No hay atajos, ni puentes, ni túneles para sortear los problemas que surgen en el camino hacia ese lugar. Y si encontramos un problema seguimos directos hasta que el problema se aparte o mate a la mitad de los que nos dirigimos al lugar al que vamos. Tampoco queremos manualistas acerca de este camino, ni consejeros. A esos los abandonamos hasta que ellos se pongan de acuerdo y se convenzan unos a otros de la táctica más inteligente para no hacer nada mientras se insultan y critican unos a otros. Al fuego o al desprecio también con ellos.

A este lugar se va solo y si alguien más viene, se pone delante o detrás o encima o debajo, pero nunca a un lado.
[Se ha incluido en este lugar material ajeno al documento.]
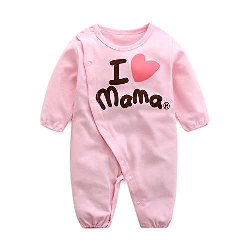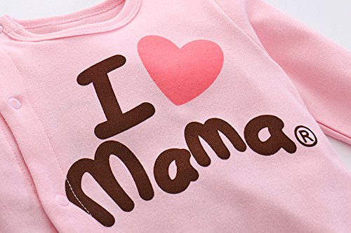 Limi ベビー 赤ちゃん I love mama papa ロンパース 長袖 カバーオール 100%綿製 肌着 前開き オールシーズン 0~12ヶ月 股下スナップ付き 女の子 男の子 (70, ピンク I love mama)

Vamos solos, rodeados de figurantes. Sin los figurantes no sabríamos que sí que somos, porque no nos veríamos en el espejo de los ojos de otro y, por lo tanto, o no existiríamos o ya existiríamos del todo y no habría camino. Por eso somos solitarios, porque si habláramos y nos alabáramos no caminaríamos y nos olvidaríamos del lugar al que vamos, nos olvidaríamos que no sabemos cual es el lugar entre los murmullos, los susurros y las influencias. Vamos solos, con tapones en los oídos, mirando sólo adelante. Si nos miráramos, nos reconoceríamos y entonces dudaríamos de nuestra propia soledad, lo que es sin duda la mas terrible locura: aquella que te hace creer que no estas solo y -por lo tanto- que no estás en el camino hacia la mas completa soledad: la soledad de ser por fin tú mismo. Allí, en el lugar al que vamos.